MIGINIAC a écrit :
je me posais la question de savoir si le cas de Mandel peut-être compris à la lumière des travaux de I.Kershaw? Peut-on au travers de cet exemple dépasser le clivage Intentionnalistes/Fonctionnalistes?
Ce clivage n'existe pas... mais je viens seulement d'en prendre conscience ! A la faveur précisément des polémiques de bas étage sur mon livre et notamment de celle qu'a initiée David Valence dans le texte reproduit ci-dessus.
Les fonctionnalistes (ou structuralistes) existent ou du moins ont existé, s'avouant tels. Les intentionnalistes, nenni ! C'est un mot forgé (ou plus exactement importé dans ce champ) par un fonctionnaliste anglais, Timothy Mason, au début des années 80. En faire une réalité, c'est tout à fait comme si, depuis une certaine campagne électorale, on n'appelait plus que "racaille" les jeunes des banlieues françaises pauvres.
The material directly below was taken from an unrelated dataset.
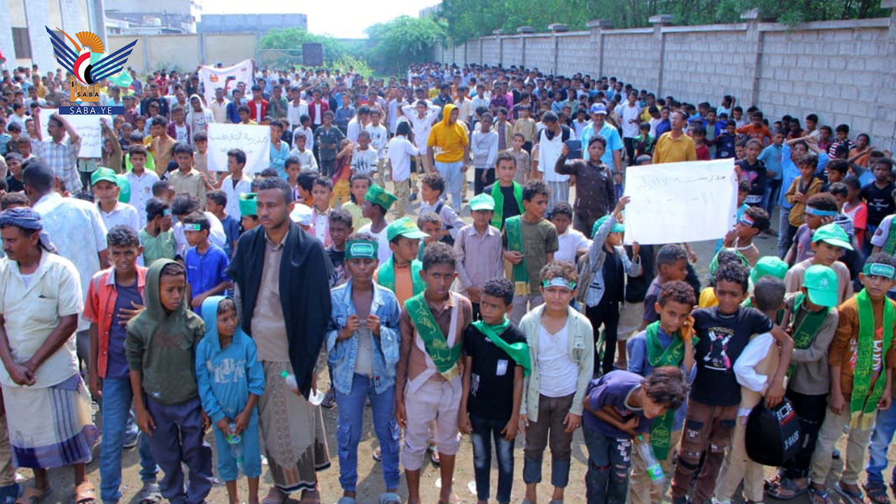 نظم القطاع التربوي بمديرية المراوعة في محافظة الحديدة، اليوم، مسيرة طلابية إحياءً لذكرى المولد النبوي الشريف وتضامناً مع الشعب الفلسطيني في مواجهة العدوان الصهيوني.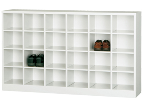 扉がないオープンタイプのシューズロッカー「SBKシリーズ」の6列4段24人用タイプです。

"Dépasser le clivage" ou ce qu'on a décrit comme tel, je veux bien mais à condition qu'on prenne bien conscience de l'erreur radicale du fonctionnalisme et qu'on en tire les leçons. Cette école, attentive aux causes immédiates et locales, a, heureusement, trouvé du neuf dans ce domaine et du vrai. Tout n'est donc pas à jeter. Mais il urge de prendre conscience que le nazisme est une dictature, et pas des plus bêtes (comme le sont souvent celles de type stalinien). Si le chef semble se désintéresser d'une question, c'est qu'elle est subalterne -et alors il sait très bien déléguer. Ou bien, et tout particulièrement si des Juifs sont concernés, c'est qu'il s'y intéresse, sans s'être fait remarquer jusqu'à nos jours, et alors, historien, en chasse !
Kershaw ne m'a jamais séduit avec sa formule passe-partout "travailler en direction du Führer", qui brouille plus qu'elle n'éclaire. Puisque la question centrale est : il est sur le coup, le Führer, ou il délègue ?
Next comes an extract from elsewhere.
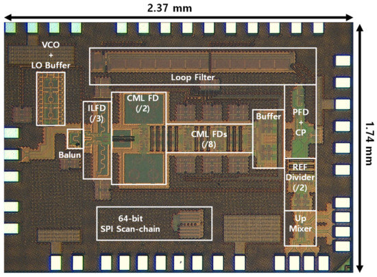 - Nam, H.; Park, J. A W-Band Divide-by-Three Injection-Locked Frequency Divider with Injection Current Boosting Utilizing Inductive Feedback in 65-Nm CMOS. IEEE Microw. Wirel. Compon. Lett. 2020, 30, 516–519. [Google Scholar] [CrossRef]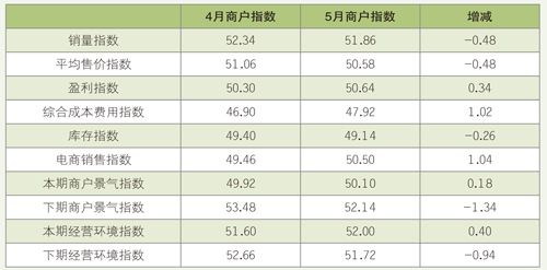 從分項(xiàng)指數(shù)來(lái)看,5月綜合成本費(fèi)用指數(shù)47.92,比4月的46.90上升1.02個(gè)百分點(diǎn),成本壓力一定程度上得到緩解;但成本費(fèi)用指數(shù)仍遠(yuǎn)低于50分界線,商戶成本壓力依然較大;電商銷售指數(shù)50.50,比4月的49.46上升1.04個(gè)百分點(diǎn),對(duì)商戶經(jīng)營(yíng)狀況好轉(zhuǎn)產(chǎn)生積極影響。

Pour en revenir à Mandel, je ne crois pas une seconde que cet artisan juif du traité de Versailles puisse mourir de mort violente sur un territoire contrôlé par Hitler, et de la main de gens qui lui sont tout dévoués, sans qu'il en ait décidé. La meilleure comparaison me paraît être l'incendie du Reichstag (auto-inflammable ou peu s'en faut pour une majorité encore écrasante d' d'historiens professionnels !). Sauf que pour le Reichstag la démonstration reste indirecte (il avait tout loisir d'organiser et d'effacer les traces, il ne réagit pas du tout comme devrait le faire un dictateur réellement surpris par un attentat au coeur de sa capitale, notamment en se rendant sur les lieux avant toute fouille, etc.) tandis que pour Mandel il y a un débat documenté entre diverses autorités allemandes et un télégramme du 28 mai 44 disant que le Führer a tranché. Il est vrai qu'il concerne à la fois Mandel, Blum et Reynaud, tous trois à remettre à Vichy sous haute surveillance (c'est-à-dire milicienne) pour qu'ils soient fusillés en représailles des exécutions d'Alger. Ensuite, la livraison et la mort du seul Mandel sont à interpréter... et on ne voit pas de quoi il pourrait s'agir d'autre que d'un chantage pour faire marcher droit Pétain et Laval : en cas de désobéissance et plus encore de démission, vous signez l'arrêt de mort de Blum, au moins (votre vieux pote à tous les deux, qui plus est, alors que Mandel ne l'était que de Laval, qui seul s'émeut de son sort).